2 GOINS v. GKI/EMPLOYERS Opinion of the Court
¶5 Goins testified that even though the gun’s safety lever was in the “safe” position, the gun fired as he lifted his right leg to get into the truck. He said he was carrying the gun in his waistband with a “tactical belt that kind of held [the gun] in position.” Goins acknowledged he chose to carry the gun while working but that neither GKI nor his work duties required it. He explained he had carried a concealed firearm this way for years, both at and outside of work for personal safety.
¶6 Goins also testified that his manager and other co-workers knew he was carrying a firearm every day at work. According to Goins, GKI did not “expressly prohibit[]” employees from carrying firearms during employment, and there was no policy in the company’s employee handbook addressing the issue. Yet, he conceded that security duties were not part of his employment and he had never used the gun for a work- related purpose.
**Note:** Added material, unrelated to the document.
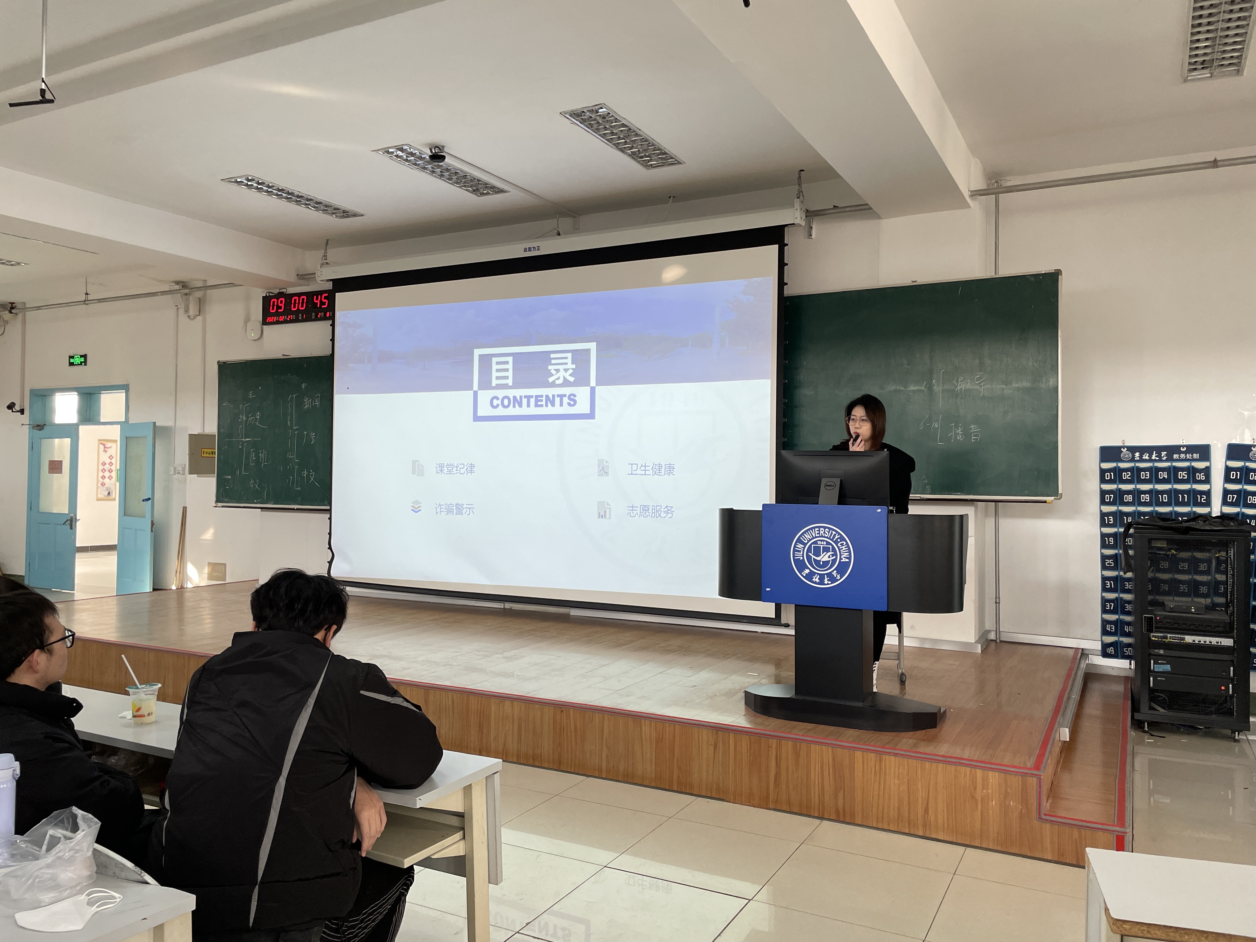 会议包含以下几个方面:第一,严肃课堂纪律。袁老师宣读了《吉林大学本科学生违纪处分规定》并强调了开云在线(中国)暨新闻与传播学院对课堂纪律的要求,明确了违反纪律的严重后果,提醒同学们劳逸结合、努力学习。第二,重视卫生健康。春季是传染性疾病的多发季节,袁老师提醒同学们注意关注自己的健康状况,早发现,早治疗,保持寝室环境的整洁,不使用违规电器,勤通风。第三,严防电信诈骗。袁老师提示大家注意自己的人身和财产安全,不轻易透露自己及家人的个人信息,收到有异议的信息时要保持警惕,及时核实。第四,介绍志愿时长组成。袁老师向大家介绍了志愿服务时长的计算考评办法,提醒大家积极参与有意义、有质量的志愿服务活动,获取志愿服务时长。

Instead, Goins carried the gun while working because he considered the “neighborhood” to be dangerous given the “homeless, vagrants, [and] high crime statistics,” adding that “[n]umerous dead bodies have been found around the area.”
¶7 Goins’ manager testified that he too routinely carried a gun but would leave it in his vehicle while he was working. He corroborated much of Goins’ testimony, including that Goins had no security duties. The manager knew Goins carried a gun while working but warned him “not to carry it on the premises,” especially without “having it on a holster.” The manager acknowledged Goins had not been expressly prohibited from carrying a gun at work, and the safety lever was engaged when he took possession of Goins’ gun after the injury.
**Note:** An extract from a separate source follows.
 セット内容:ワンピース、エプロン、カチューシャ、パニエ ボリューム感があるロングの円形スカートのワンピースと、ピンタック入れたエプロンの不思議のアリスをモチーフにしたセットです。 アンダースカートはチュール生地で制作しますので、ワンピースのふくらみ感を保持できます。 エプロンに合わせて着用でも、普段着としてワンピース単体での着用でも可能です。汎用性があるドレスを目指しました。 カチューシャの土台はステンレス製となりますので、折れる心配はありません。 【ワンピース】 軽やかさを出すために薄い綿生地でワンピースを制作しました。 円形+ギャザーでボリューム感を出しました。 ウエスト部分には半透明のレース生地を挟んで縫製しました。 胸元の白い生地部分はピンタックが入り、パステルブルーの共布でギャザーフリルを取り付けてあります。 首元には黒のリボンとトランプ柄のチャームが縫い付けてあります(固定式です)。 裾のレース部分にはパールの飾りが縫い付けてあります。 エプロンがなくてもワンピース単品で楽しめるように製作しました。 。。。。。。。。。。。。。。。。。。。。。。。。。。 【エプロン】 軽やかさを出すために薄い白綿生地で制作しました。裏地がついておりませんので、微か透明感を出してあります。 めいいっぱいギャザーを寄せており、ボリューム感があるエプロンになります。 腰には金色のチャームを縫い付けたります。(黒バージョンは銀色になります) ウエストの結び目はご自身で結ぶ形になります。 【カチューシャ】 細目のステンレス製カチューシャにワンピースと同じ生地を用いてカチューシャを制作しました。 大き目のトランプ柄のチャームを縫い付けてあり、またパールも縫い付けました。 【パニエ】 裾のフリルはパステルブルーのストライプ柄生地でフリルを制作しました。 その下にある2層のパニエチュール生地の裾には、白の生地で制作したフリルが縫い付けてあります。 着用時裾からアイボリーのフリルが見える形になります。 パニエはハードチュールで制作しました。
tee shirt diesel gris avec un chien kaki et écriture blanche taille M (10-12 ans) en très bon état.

¶8 Unlike what Goins claimed, the manager believed Chaney’s to be a safe place to work. Responding to why he leaves his gun in his vehicle while working, the manager explained he did not feel threatened, nothing bad had happened at Chaney’s, and he had never witnessed crime on the property or in the area.
¶9 After considering the evidence and resolving conflicting facts, the ALJ determined that Goins failed to establish by a preponderance of the evidence that he sustained a compensable injury. Addressing Goins’ position that he carried a gun because he believed the workplace location was unsafe, the ALJ explained that “there must be a causal relationship between the employment and the injury.” The ALJ found in part that Goins owned the gun for two years before he started working for GKI and even if the workplace is in a high-crime area, he “chose to carry a gun on his person at all times, regardless of whether he was at work.” The ALJ therefore
3 GOINS v. GKI/EMPLOYERS Opinion of the Court
denied the claim, concluding that the risk of injury was “wholly personal” to Goins and the risk was not increased by his employment.
¶10 The ALJ affirmed the award on review and Goins filed this statutory special action challenging the award. We have jurisdiction under A.R.S. §§ 12-120.21(A)(2), 23-951(A), and Arizona Rules of Procedure for Special Actions 10(c).
DISCUSSION
¶11 Goins challenges the denial of his claim, asserting the ALJ erred by concluding there was “an insufficient causal relationship between the employment and the injury.” When reviewing a workers’ compensation award, we defer to the ALJ’s factual findings but review questions of law de novo. W. Millwork v. Indus. Comm’n, 256 Ariz. 177, 180, ¶ 13 (App. 2023). We consider the evidence in the light most favorable to upholding the ALJ’s award and will affirm if reasonable evidence supports it. Turner v. Indus. Comm’n, 251 Ariz. 483, 484, ¶¶ 2, 7 (App. 2021).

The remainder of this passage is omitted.